Work order: When you reach the line that contains "国会議員会館の秋山秘書が産休", begin copying exactly and continue through the last line below. Do not copy pictures.

Data to examine:
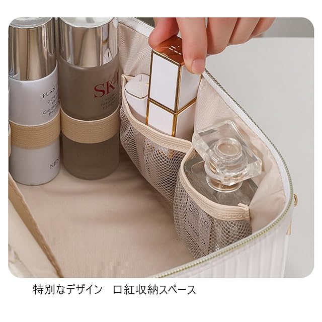 コンパクトで持ち運び可能:広々とした内部にもかかわらず、この化粧品バッグはコンパクトで持ち運びやすいように設計されており、旅行や日常使用に最適です。 洗練されたシルエットはハンドバッグ、スーツケース、ジムバッグに簡単に収まり、どこにでも美容の必需品を持ち運ぶことができます。
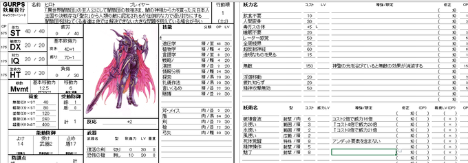 主人公のキャラシートも作ってみました
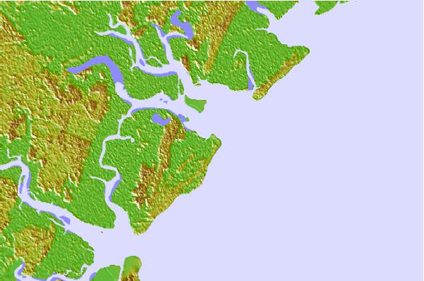 Use this relief map to navigate to tide stations, surf breaks and cities that are in the area of Bradley Point, Bradley River, Georgia.
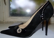 Натуральная замша. Размер 37,5. Длина по стельке 25 см. Высота каблука 11 см. Состояние идеальное (почти новые). |
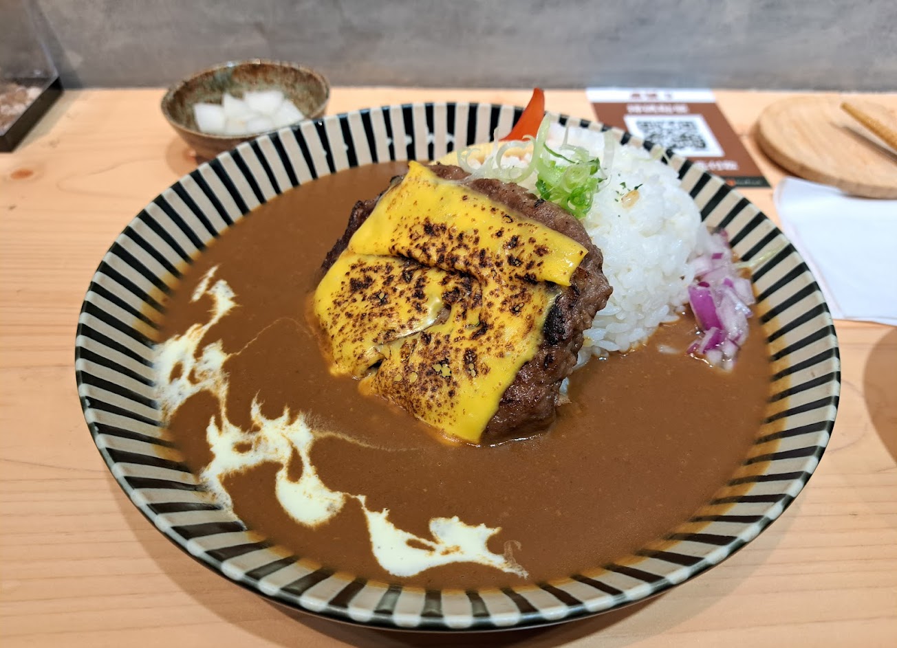 店面乾淨明亮舒適,老闆相當熱情客氣。而重點食物部份,起司漢堡排煎得恰到好處,微焦讓內外層有不同口感,咖哩本身香料味十足,搭配紫洋蔥讓口味有更多變化,非常值得一試
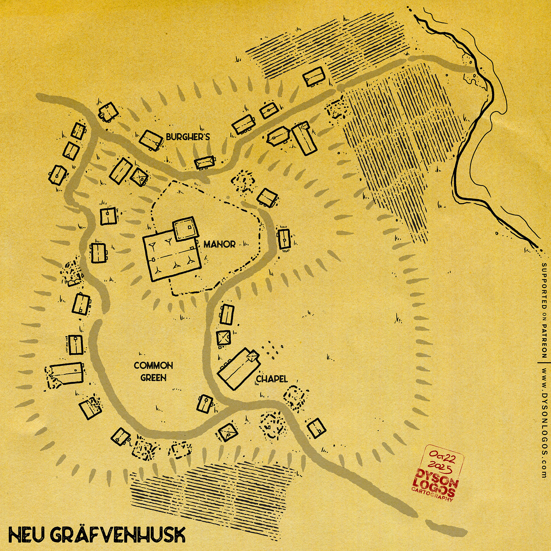 Neu Gräfvenhusk (300 dpi promo) While putting that Mörk Borg Hallowe’en adventure together, I decided to add one more map. This is the remains of the village of Neu Gräfvenhusk along the bank…dysonlogos.blog
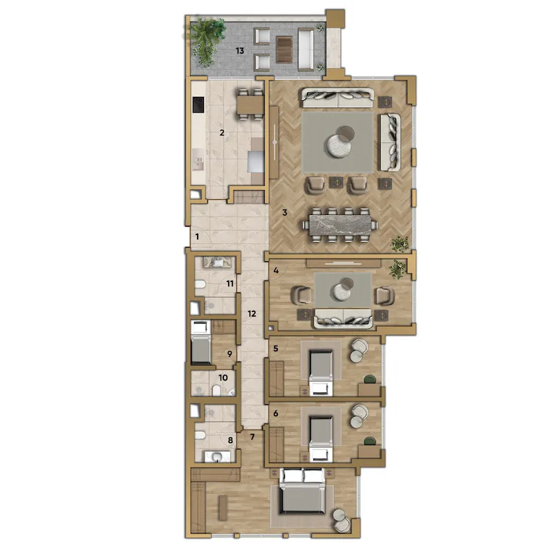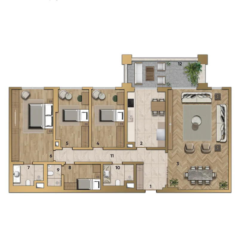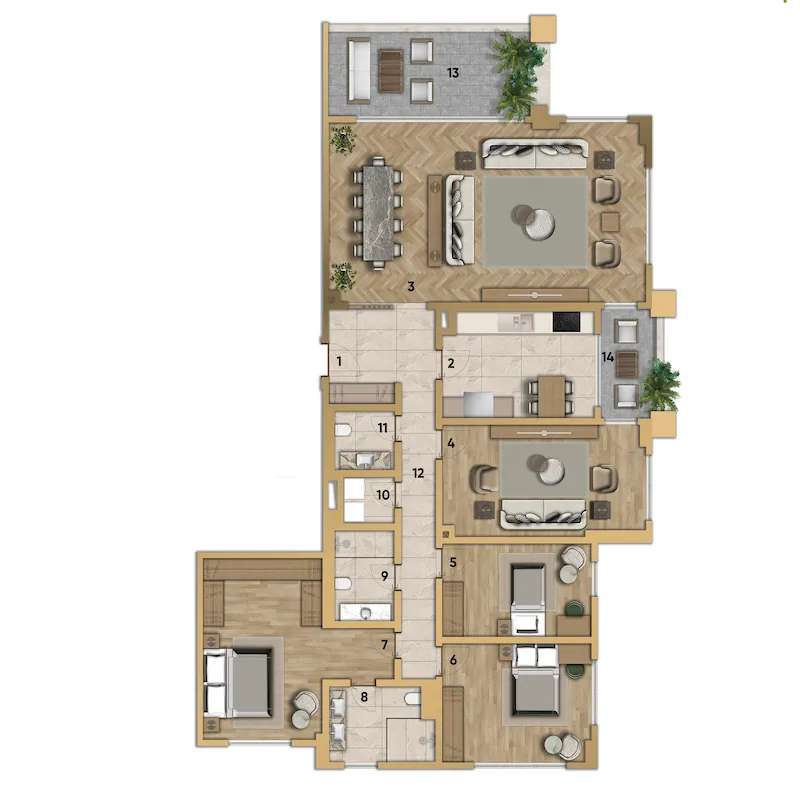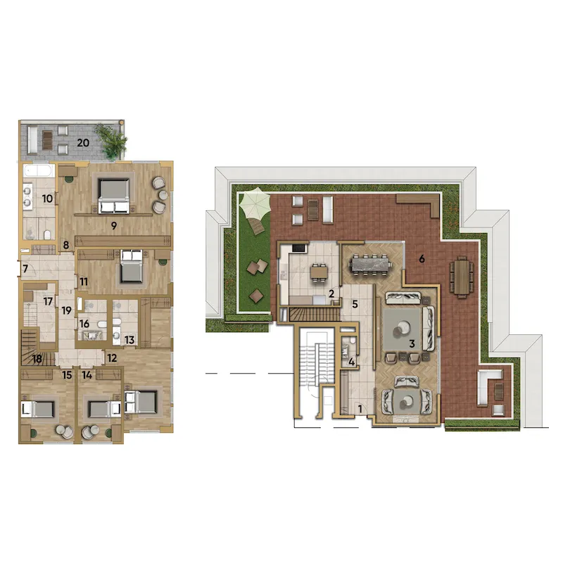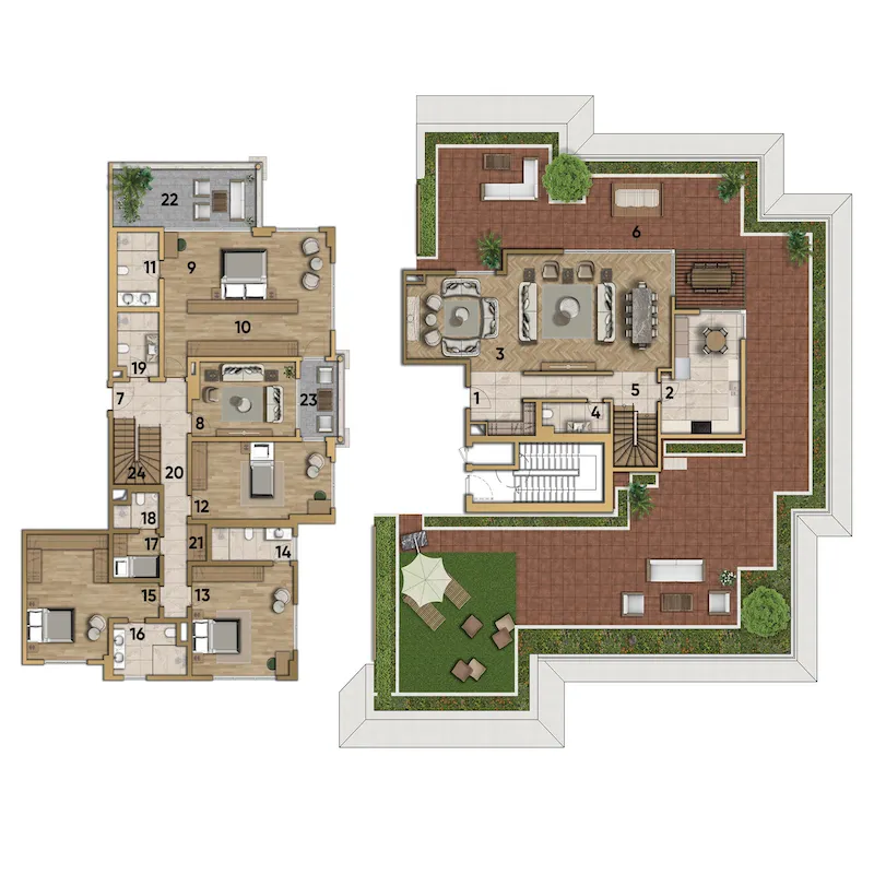 Proje, yeşil alanlar dahil 6.300 metrekare tahsis edilerek toplam 10.500 metrekare alana sahip bir arazi üzerine inşa edilmiştir. Bu proje, 6 kat yüksekliğinde 3 bloktan oluşmaktadır, böylece içindeki toplam konut sayısı, 2 yatak odasından balkonlu veya teraslı 5 yatak odasına kadar 67 konut birimidir. Hatta bahçeler, içinde bulunan konut birimi seçenekleri 3 + 1'den 5.5 + 1'e kadar, 196 ila 689 metrekareden başlayan alanlarla ve tüm konut birimleri Belgrad ormanlarının muhteşem manzarasına sahiptir.
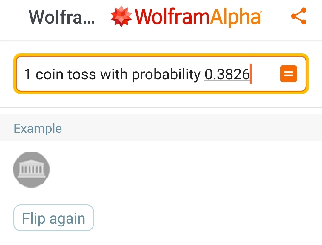 Using Wolfram Alpha I have generated a random number p, from a uniform distribution in the range [0,1]. This is the probability that my coin comes up heads on any given flip.
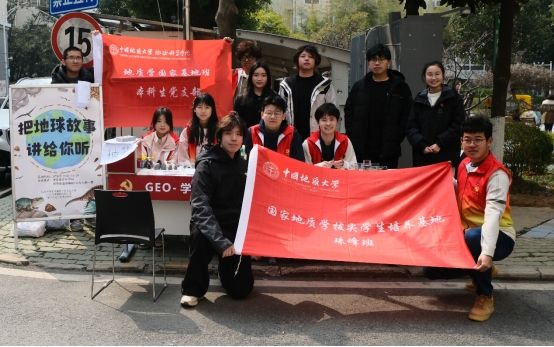 学院地质学国家基地班本科生党支部、010232珠峰班团支部联合“地学之光”科普讲解队,走进基层社区,在武汉市博苑青少年空间开展了“把地球故事讲给你听”志愿活动。志愿者们为社区居民和青少年们进行了生动有趣的科普介绍,通过简单的科普问答小游戏和抽奖活动吸引许多青少年参与,既给他们带来了惊喜,也帮助他们学习到了很多以前从未了解过的地球科学知识,在他们心中播下了探索科学的种子。社区内的老人们也被志愿者生动的讲解所吸引,他们围在一旁,听得津津有味。“这样的活动非常有意义,不仅让孩子们增长了知识,也让我们这些老人重温了地质学的魅力。看到你们如此热衷于科学普及,我感到非常欣慰。”社区里一位老先生对志愿者的鼓励,让他们对未来继续开展科普志愿服务的信念更加坚定。
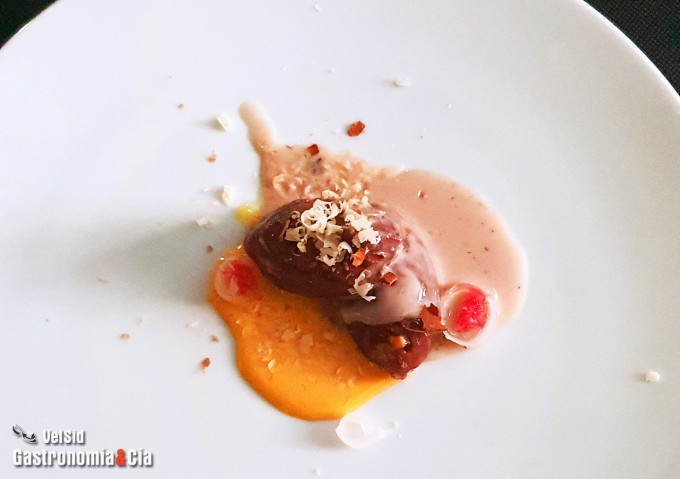 Continuando con la influencia de la cocina francesa, el chef de Ibaya convierte el clásico Pain au chocolat en un plato salado, el último plato salado del menú en el que ya introducen un elemento dulce, la masa la bollería francesa. Juegan con la cocina y con las palabras (con la pronunciación del país galo), y presentan el Lapin au chocolat, que es como la clásica napolitana, pero rellena de un guiso de conejo con chocolate, y como corresponde, se debe comer con las manos.
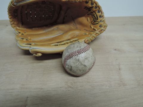 Rawlings RBG 36 Baseball Glove with Deep Well Pocket along with a leather baseball
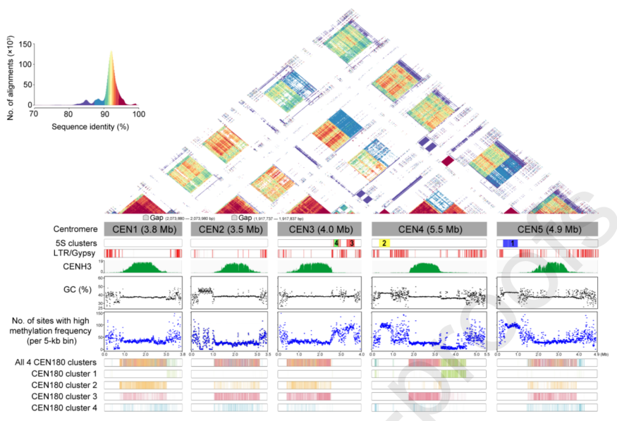 ② ?在雜合度極低的物種中,往往會(huì)追求更完美和更準(zhǔn)確的組裝,尤其是解析其上高度復(fù)雜的著絲粒位點(diǎn),植物的著絲粒位于染色體的異染色質(zhì)區(qū)域,該區(qū)域由多種類型的DNA重復(fù)元件組成,主要包括衛(wèi)星DNA序列、單一拷貝DNA、反轉(zhuǎn)錄元件、轉(zhuǎn)座子和端粒類重復(fù)序列等。人類基因組完成圖(Nurk S et al., Science.2022; Altemose N et al., Science.2022; Gershman A et al., Science.2022)、擬南芥T2T基因組(Naish M et al., Science.2021;Wang B et al., GPB.2021)等研究均說明,對(duì)著絲粒區(qū)的甲基化等表觀調(diào)控進(jìn)行解析,具有重要的研究意義。例如,擬南芥T2T基因組研究中,作者發(fā)現(xiàn)著絲粒的DNA甲基化高于著絲粒周圍區(qū)域,但在著絲粒內(nèi)部,CENH3信號(hào)富集的CEN180高度串聯(lián)重復(fù)區(qū)域呈現(xiàn)低甲基化狀態(tài)(Wang B et al., GPB.2021)。
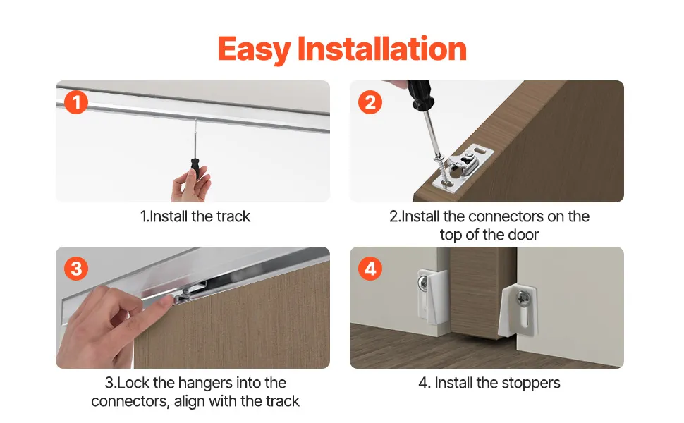 Łatwy montaż: Zestaw prowadnic do drzwi przesuwnych charakteryzuje się prostą konstrukcją i płytkami szybkiego montażu, co ułatwia montaż i demontaż drzwi, oszczędzając czas i wysiłek. Nawet użytkownicy bez doświadczenia zawodowego mogą go z łatwością zamontować, postępując zgodnie z instrukcją.
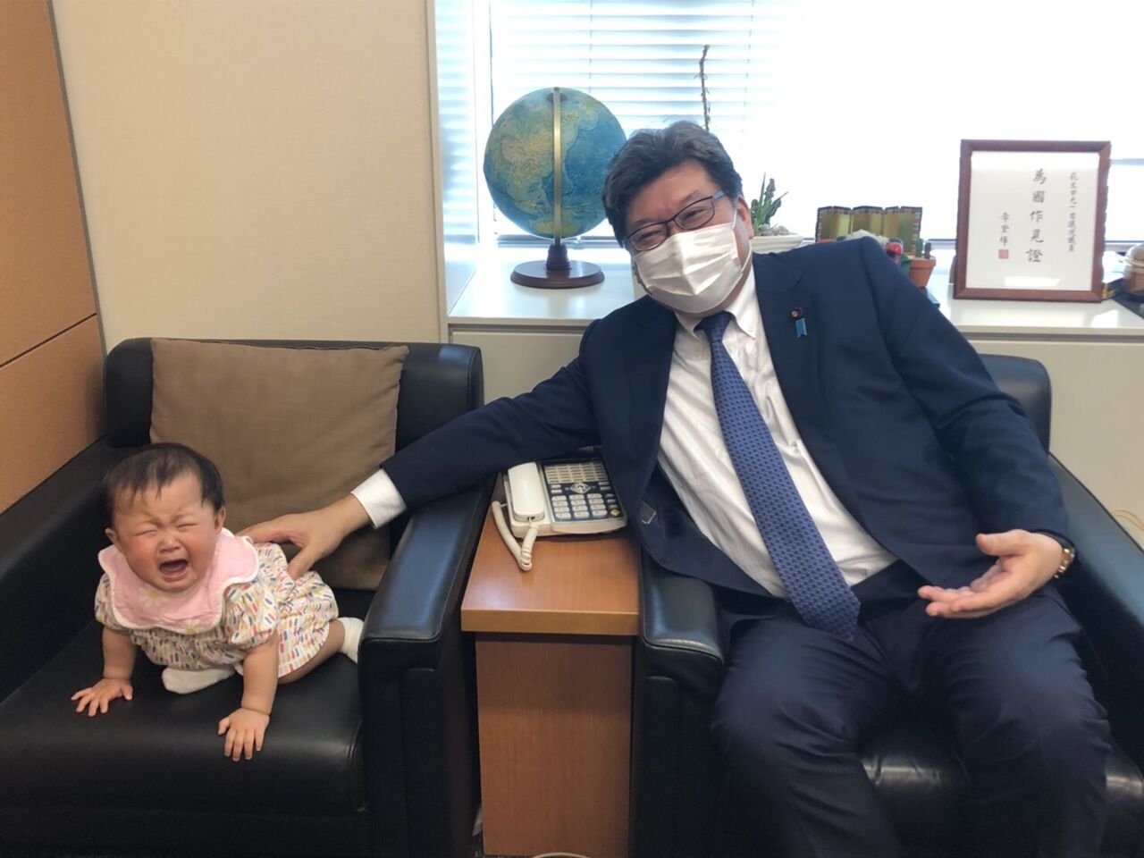 国会議員会館の秋山秘書が産休から戻ってきました。会館併設の保育園に通う娘の明日香ちゃんが毎朝、新人スタッフとして我々を迎えてくれて癒されます。日中は国会や文科省にいるためほとんど会館には入りませんので議員室のソファーは彼女専用のお昼寝場所のようです。私にはまだなつきません。
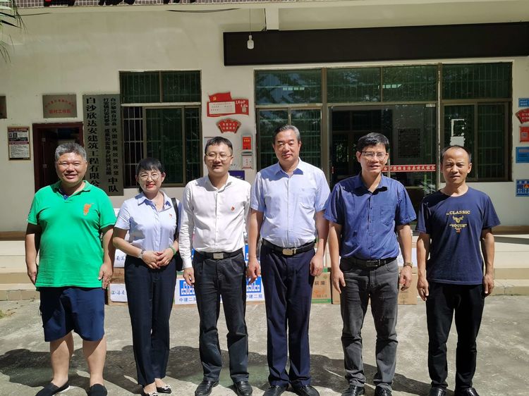 座談會結束后,參加本次黨日活動的企業(yè)向當?shù)厝罕娰浻枇擞兔?、書包等學習生活用品,隨后在省質(zhì)安局的帶領下,參觀了由海南一建承建的白沙縣第一小學建設項目工地。
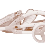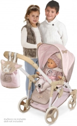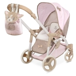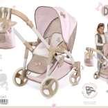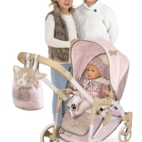 This charming doll stroller in pink–beige tones brings a great blend of design and functionality. Thanks to the adjustable bassinet that easily transforms into a sport seat, kids enjoy more realistic play. It also includes a carry bag for the doll with soft velvet DIDI embroidery and a practical wind flap.

Response for this exercise:
 国会議員会館の秋山秘書が産休から戻ってきました。会館併設の保育園に通う娘の明日香ちゃんが毎朝、新人スタッフとして我々を迎えてくれて癒されます。日中は国会や文科省にいるためほとんど会館には入りませんので議員室のソファーは彼女専用のお昼寝場所のようです。私にはまだなつきません。
 座談會結束后,參加本次黨日活動的企業(yè)向當?shù)厝罕娰浻枇擞兔?、書包等學習生活用品,隨后在省質(zhì)安局的帶領下,參觀了由海南一建承建的白沙縣第一小學建設項目工地。
 This charming doll stroller in pink–beige tones brings a great blend of design and functionality. Thanks to the adjustable bassinet that easily transforms into a sport seat, kids enjoy more realistic play. It also includes a carry bag for the doll with soft velvet DIDI embroidery and a practical wind flap.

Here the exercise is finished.